Saved data entries:
======
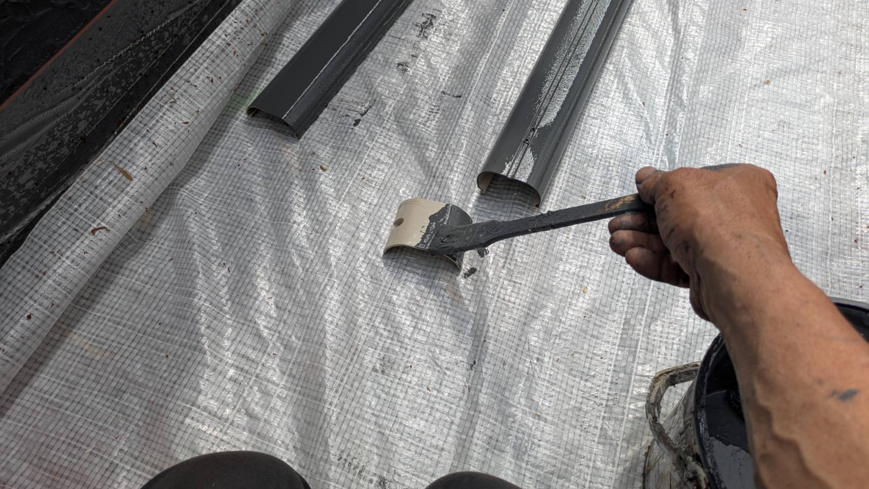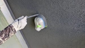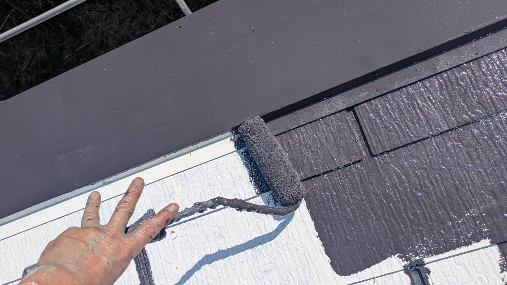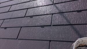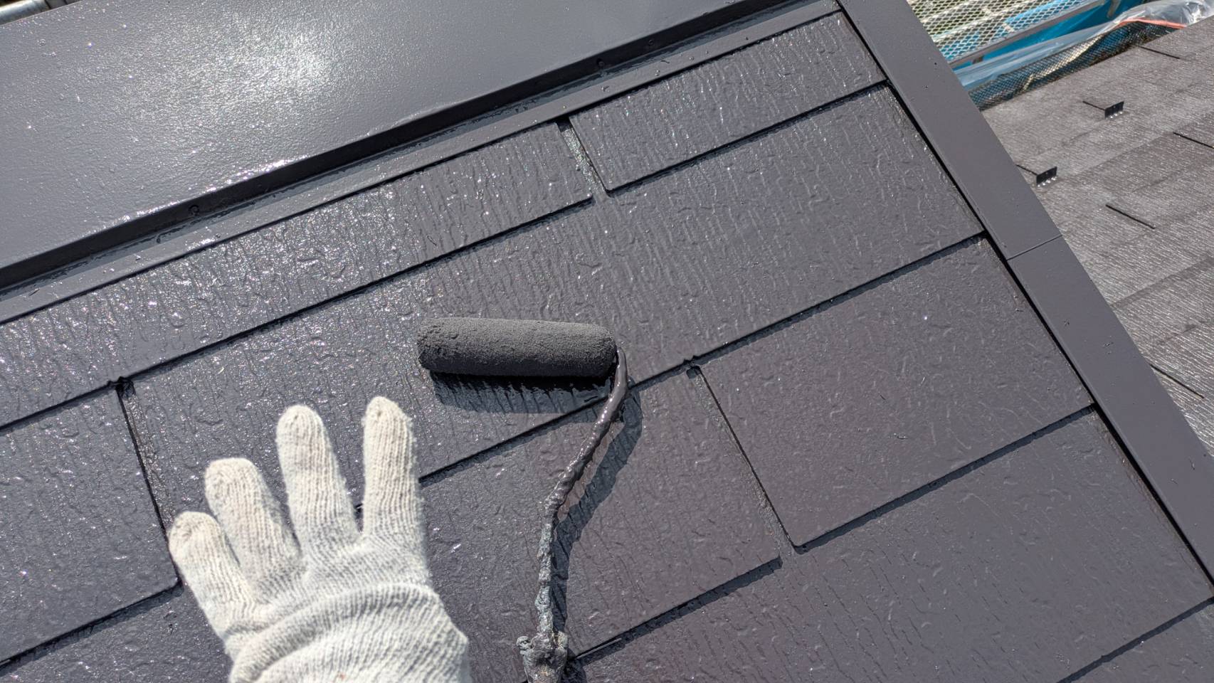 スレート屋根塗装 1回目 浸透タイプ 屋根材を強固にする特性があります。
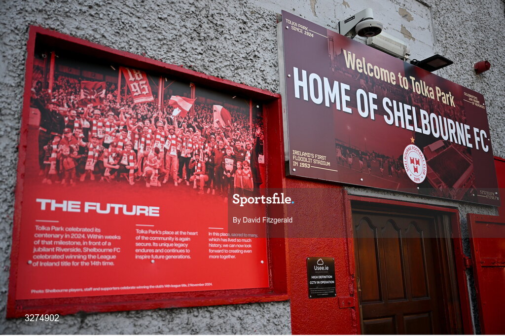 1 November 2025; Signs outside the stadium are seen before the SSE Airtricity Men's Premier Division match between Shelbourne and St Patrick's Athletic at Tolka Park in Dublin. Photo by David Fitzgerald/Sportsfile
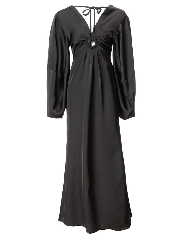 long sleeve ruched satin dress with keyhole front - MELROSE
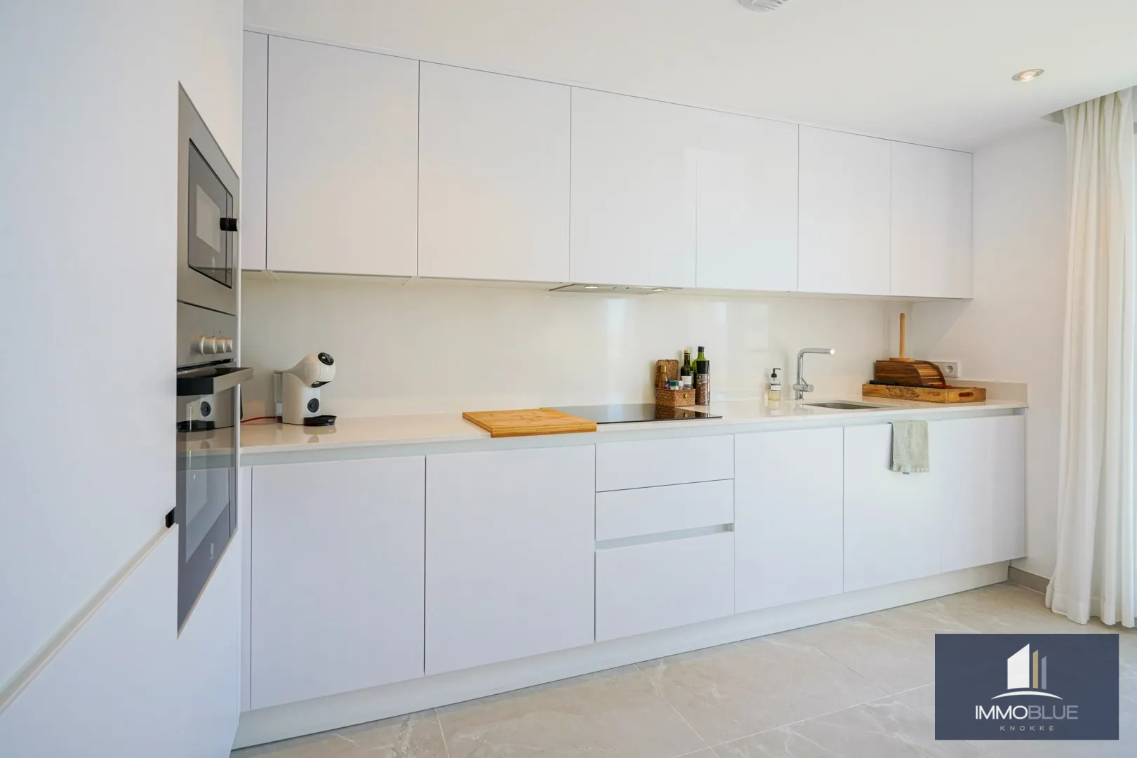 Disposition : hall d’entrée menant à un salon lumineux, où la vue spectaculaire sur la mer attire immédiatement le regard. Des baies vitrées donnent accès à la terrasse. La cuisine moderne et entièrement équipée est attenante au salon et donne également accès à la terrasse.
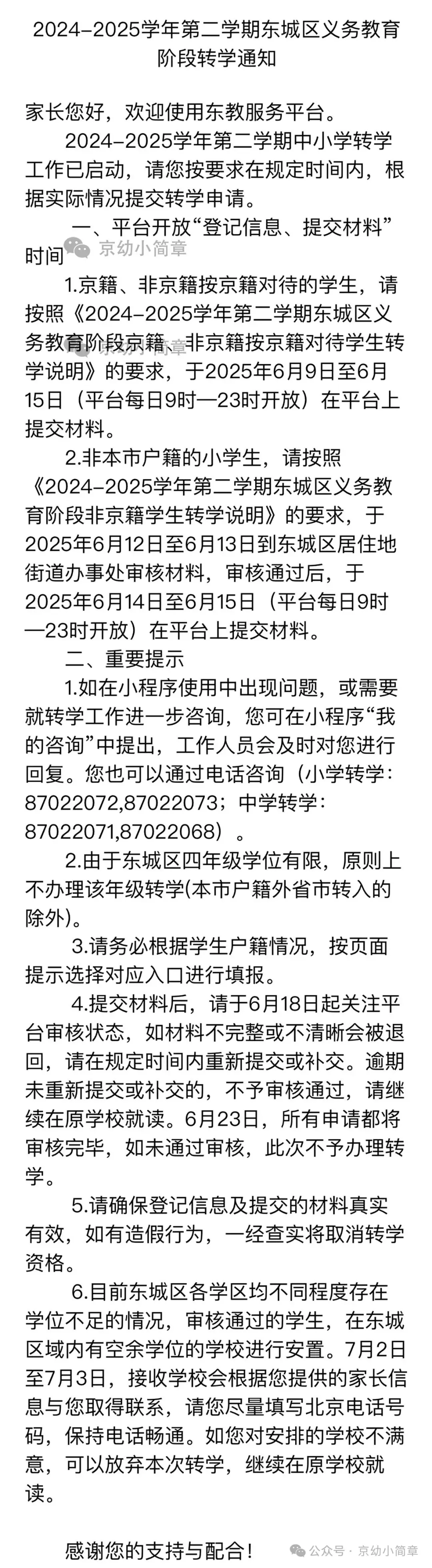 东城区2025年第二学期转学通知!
======
Exercise details:
Your task is to transcribe exactly the lines from the one containing "1 November 2025;" through the final line of the entries above, pictures excluded.

Finished task:
 1 November 2025; Signs outside the stadium are seen before the SSE Airtricity Men's Premier Division match between Shelbourne and St Patrick's Athletic at Tolka Park in Dublin. Photo by David Fitzgerald/Sportsfile
 long sleeve ruched satin dress with keyhole front - MELROSE
 Disposition : hall d’entrée menant à un salon lumineux, où la vue spectaculaire sur la mer attire immédiatement le regard. Des baies vitrées donnent accès à la terrasse. La cuisine moderne et entièrement équipée est attenante au salon et donne également accès à la terrasse.
 东城区2025年第二学期转学通知!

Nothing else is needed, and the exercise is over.